With the perfect storm of regulations, costs, and consumer demand to contend with across multiple jurisdictions and international borders, managing supply chains is critical to the success of global oil producers. Blockchain is uniquely positioned to offer a new technology-based solution for managing global supply chains. If you are new to bitcoin visit this site for your trading and investment needs.

The protocol allows for data transparency, traceability, immutability, and settlement, which significantly improves the current methods used by industry participants. Furthermore, these terms are not mutually exclusive as blockchain can also serve as a decentralized ledger that provides an immutable record of events with which all parties can verify the accuracy of their transactions.

The case for blockchain in oil and gas is similar in structure and purpose to the use of blockchain in the global trade supply chain. Oil trade transactions are complex and involve many stakeholders, including producers, storage owners, trading houses, shippers and ports.

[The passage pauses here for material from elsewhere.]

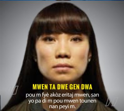
MWEN TA DWE GEN DWA pou m fyè akòz eritaj mwen, san yo pa di m pou mwen tounen nan peyi m.

Each transaction includes multiple parties, with financial settlement occurring once delivery occurs at a specified location and the product has been inspected. Furthermore, the buyer will likely look to offset his purchase by selling a futures contract for this commodity which increases the overall complexity of this process. The challenge, then, is to manage this complexity while achieving all of the desired requirements and benefits of blockchain, including:

Objectivity & Transparency

With the transparent ledger, all parties can verify that all of the data added to the chain is authentic. In a provenance case scenario, this could provide oil producers complete transparency into their steps in producing and delivering oil or gas to end consumers. This transparency could provide both auditable and open records for each step taken in the supply chain.



Blockchain technology is considered non-hackable as there are multiple copies of transactions on various computers around the world. It means that there must be an agreement from more than 51 per cent of participating miners for a proposed transaction to be accepted. If a party conspires to change a transaction or create one not originally added to the blockchain, they will not have sufficient consensus in the network, and the transaction will not be accepted.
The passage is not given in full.